# INPUT MATERIAL:
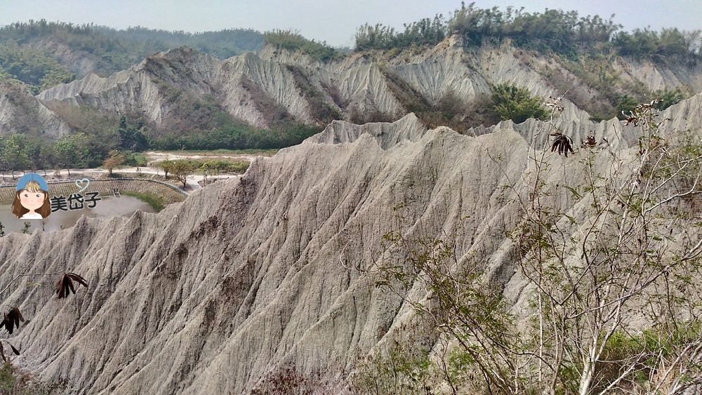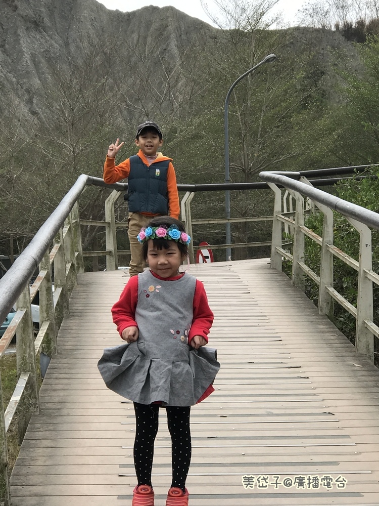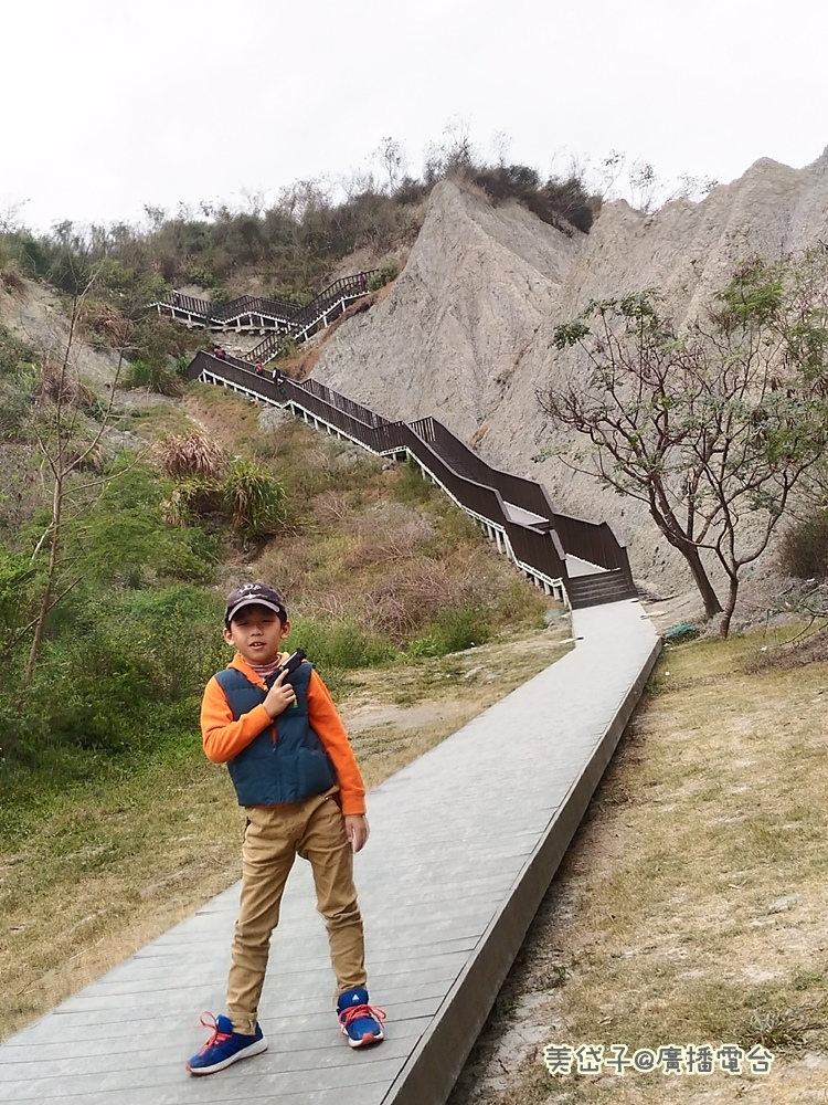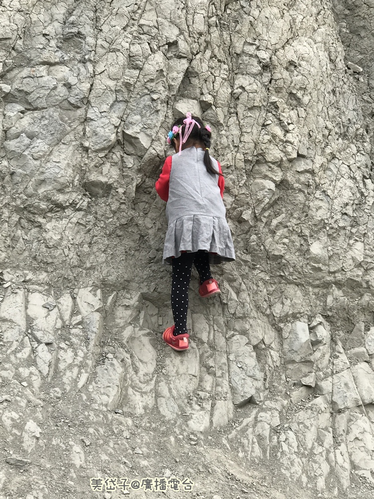中間還要經過惡地步道,在這邊孩子可以近距離的觀看、觸摸泥岩,這小妞竟是一轉眼就跑去「爬山」
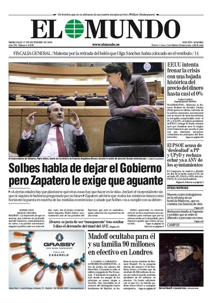 El Mundo - - Solbes habla de dejar el Gobierno pero Zapatero le exige que aguante -
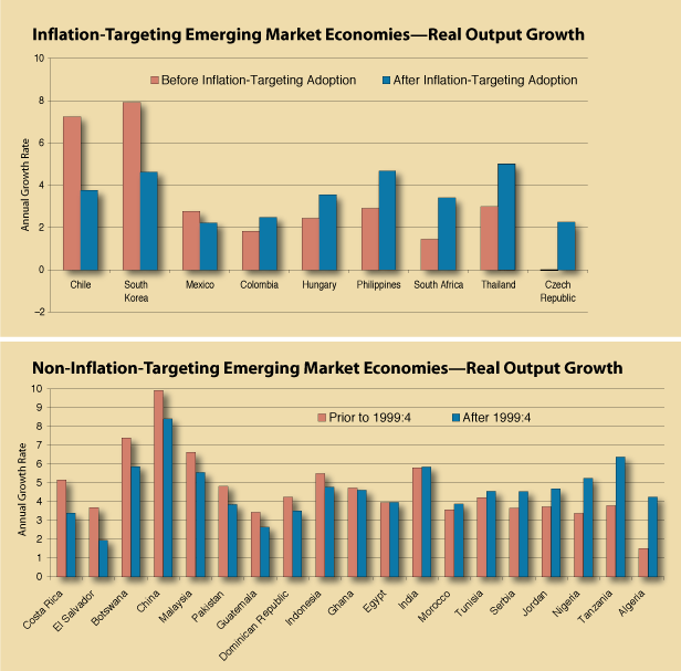 The IMF study compares inflation and economic growth in 13 EMEs that adopted inflation targeting (IT) between 1998 and 2002 to a control group of 29 countries that did not. Countries that adopted IT subsequently experienced both a lower rate of inflation and reduced inflation volatility. The report suggests, however, that IT countries experienced only a modest boost in economic growth relative to the control group. Figure 2 compares the experience of the IT countries (upper panel) that had annual inflation rates below 40 percent when they adopted IT (9 of the 13), and the control-group countries (lower panel) that had annual inflation rates below 40 percent at the end of 1999 (19 of the 29).8 For the IT countries, 6 of 9 experienced more rapid growth after adopting IT; the median annual growth rate increased to 3.5 percent from 2.8 percent. For the control-group countries, 8 of 19 experienced more rapid growth; the median annual growth rate increased to 4.5 percent from 4.2 percent.
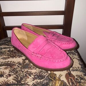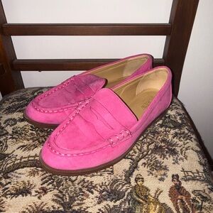 Add a vibrant pop of color to your wardrobe with these chic J.Crew pink suede penny loafers.
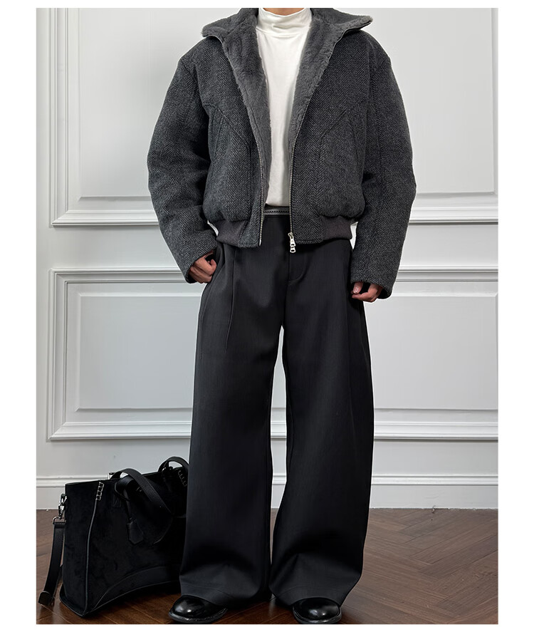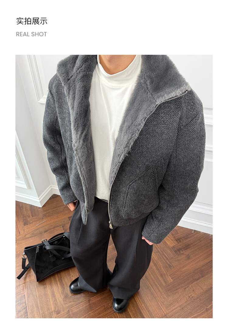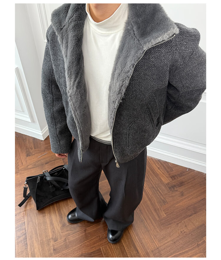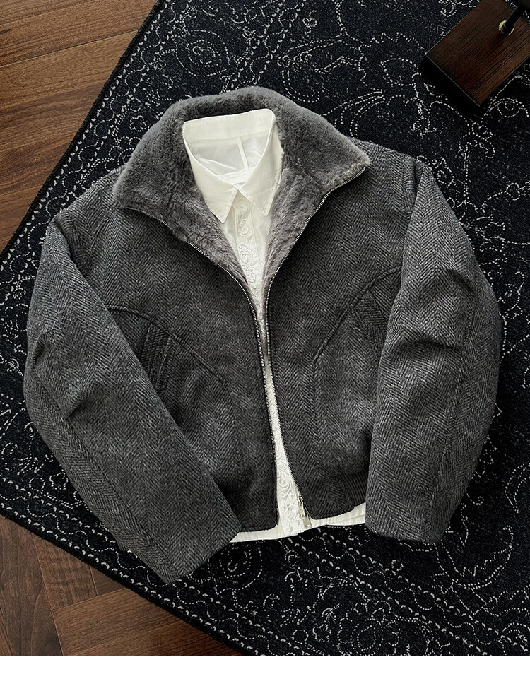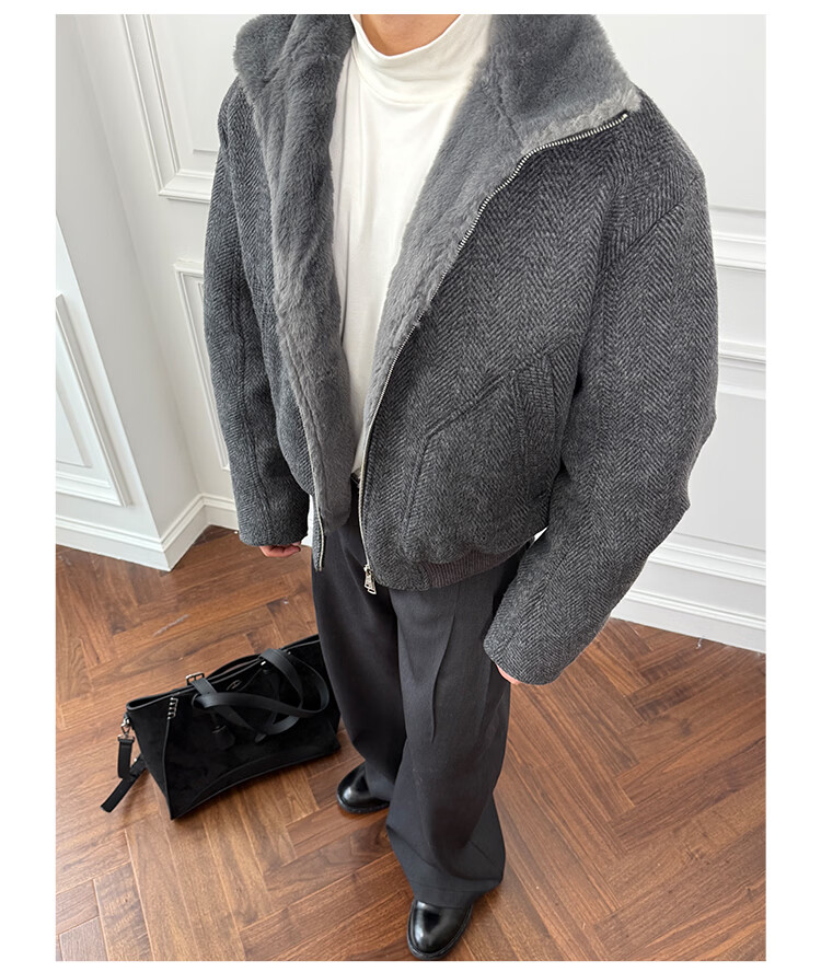 CATSSTAC snowy herringbone wool down jacket dark gray M
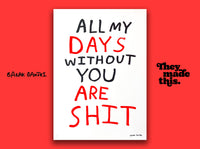 We ship 90% of orders 2-3 times a week with a Royal Mail tracked service. For framed orders and orders from our photography collection please allow 12-20 working days for delivery. You can also ‘click and collect’ from our stores. International orders may be subject to customs fees, please see link below. If you need your order to arrive for a particular date, please email orders@theymadethis.co.uk
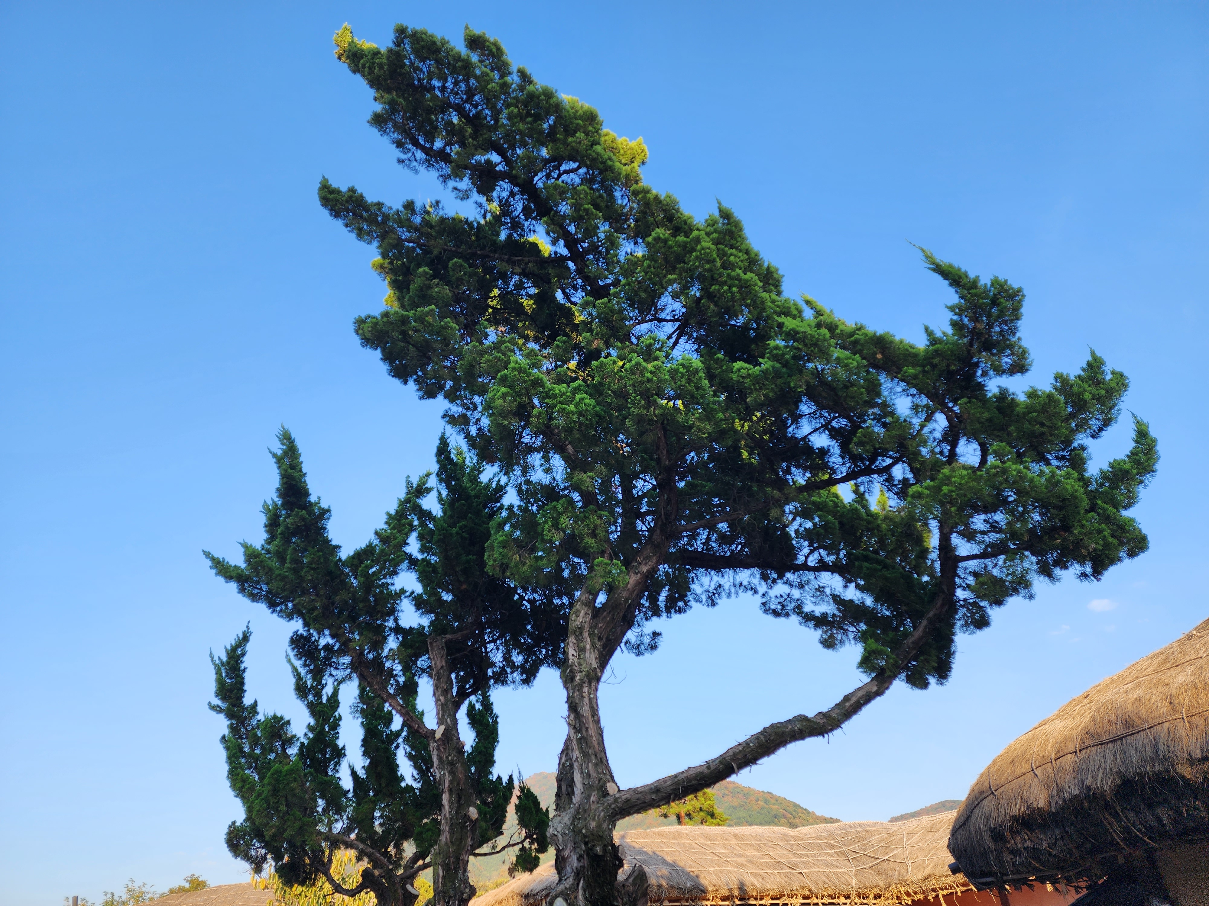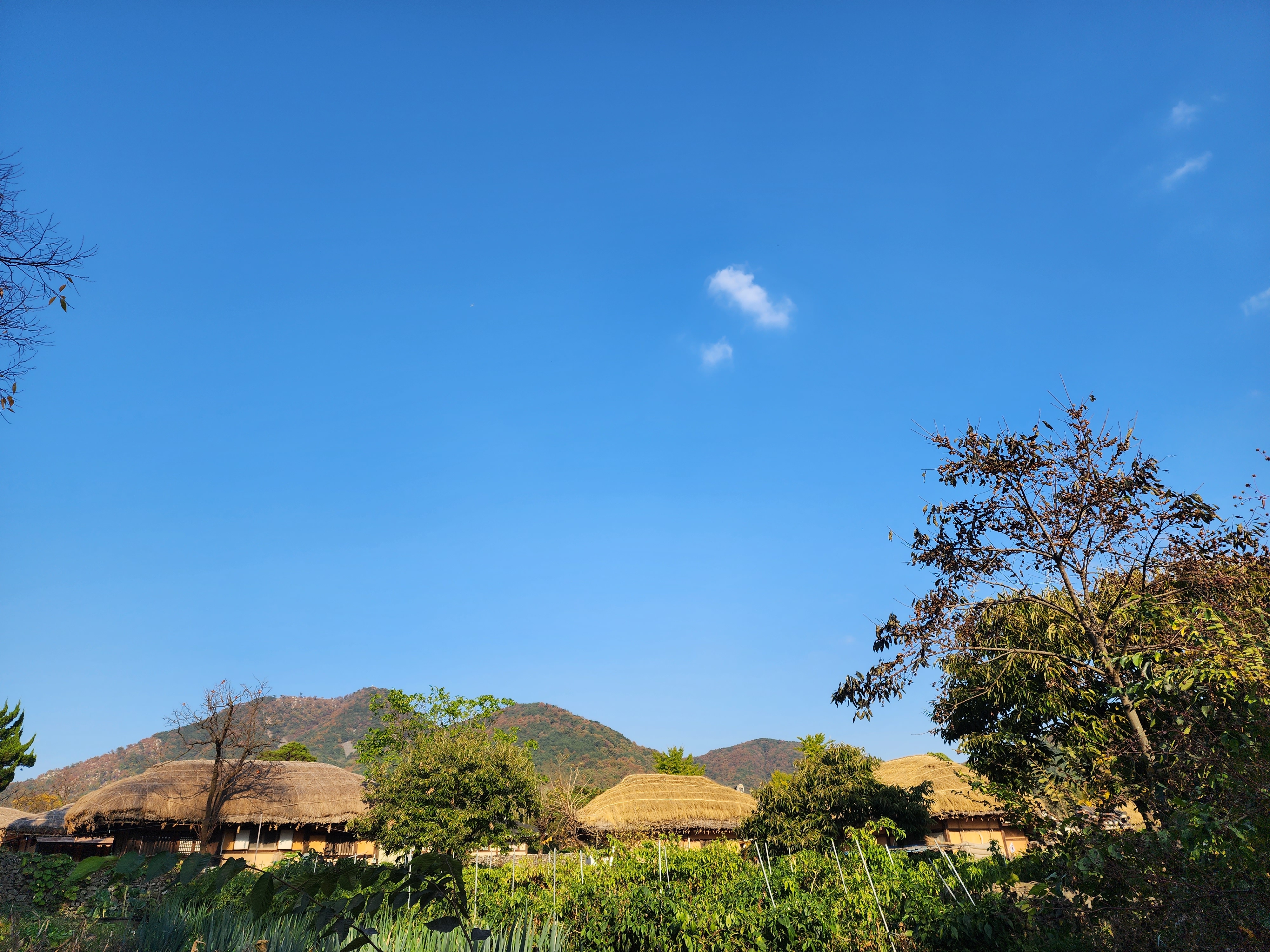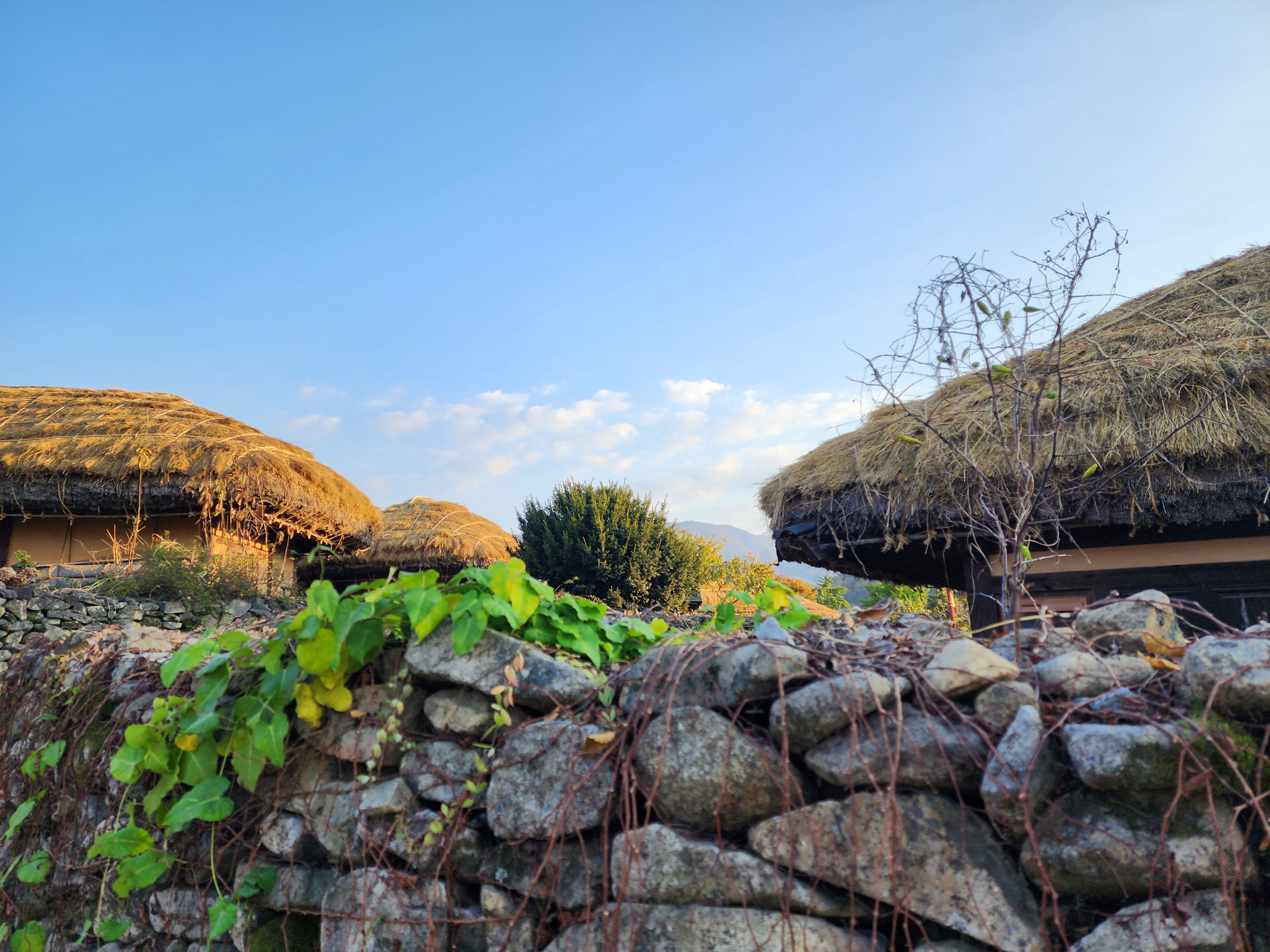 마을 안으로 들어가면 커다란 나무와 옛 초가집이

# ACTIVITY:
Nothing but the lines from the one containing "CATSSTAC snowy herringbone" through the last line of the data should appear in the answer, copied exactly, with pictures excluded.

# ANSWER BOX:
 CATSSTAC snowy herringbone wool down jacket dark gray M
 We ship 90% of orders 2-3 times a week with a Royal Mail tracked service. For framed orders and orders from our photography collection please allow 12-20 working days for delivery. You can also ‘click and collect’ from our stores. International orders may be subject to customs fees, please see link below. If you need your order to arrive for a particular date, please email orders@theymadethis.co.uk
 마을 안으로 들어가면 커다란 나무와 옛 초가집이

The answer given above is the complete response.